WHAT THE EXERCISE ASKS:
Retype the listing below exactly, pictures removed.

SOURCE MATERIAL:
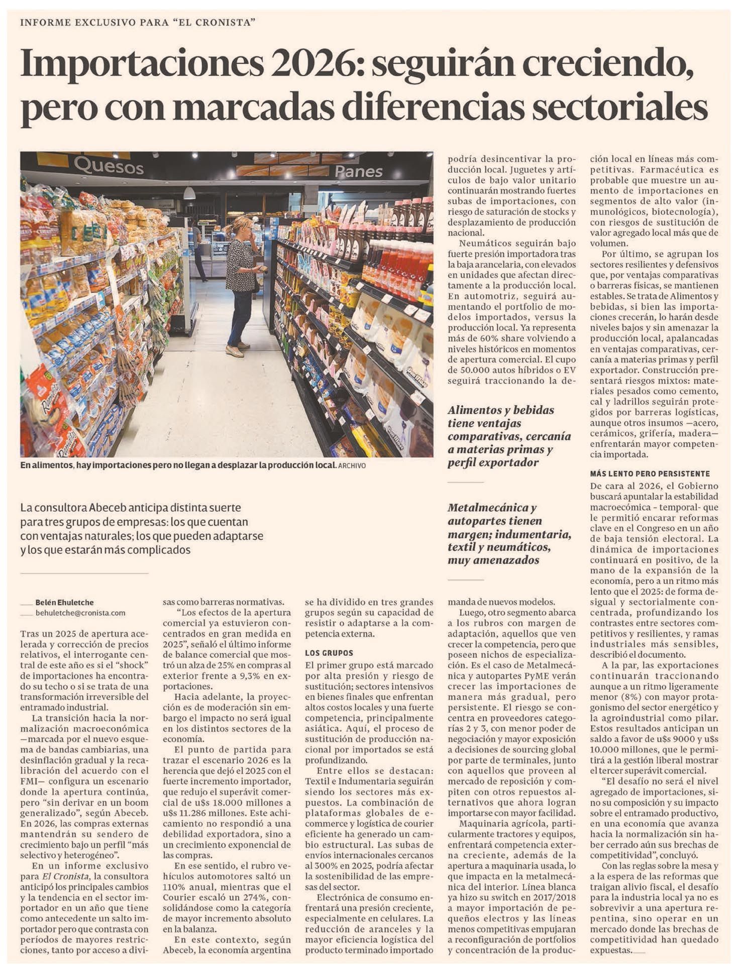 EL CRONISTA – Importaciones 2026: seguirán creciendo, pero con marcadas diferencias sectoriales
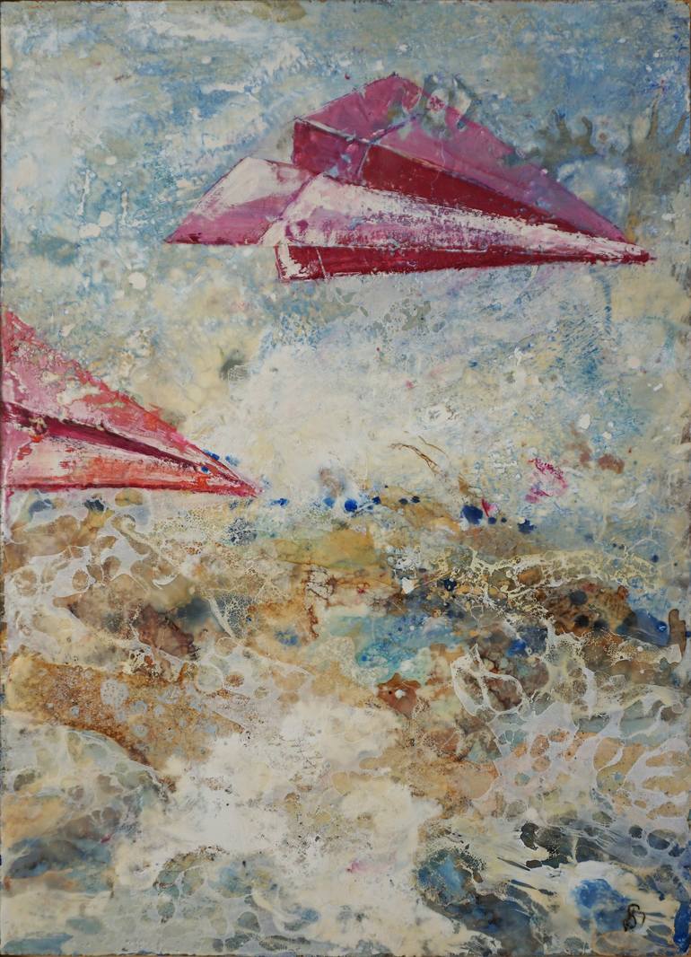 This is a unique, original encaustic painting of the Innocent Games series, a work designed to express infinite space through colors, materials, and textures. This series forms a transition between figurative and abstract painting. Cheerful spots of colorful paper airplanes in abstract space, what s...
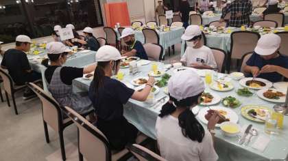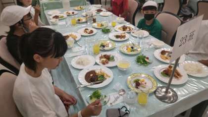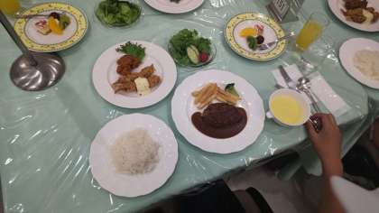 ホテルでは、ハンバーグや唐揚げ、エビフライなど、美味しそうな夕食をいただきました。

ANSWER TO THIS TASK:
 EL CRONISTA – Importaciones 2026: seguirán creciendo, pero con marcadas diferencias sectoriales
 This is a unique, original encaustic painting of the Innocent Games series, a work designed to express infinite space through colors, materials, and textures. This series forms a transition between figurative and abstract painting. Cheerful spots of colorful paper airplanes in abstract space, what s...
 ホテルでは、ハンバーグや唐揚げ、エビフライなど、美味しそうな夕食をいただきました。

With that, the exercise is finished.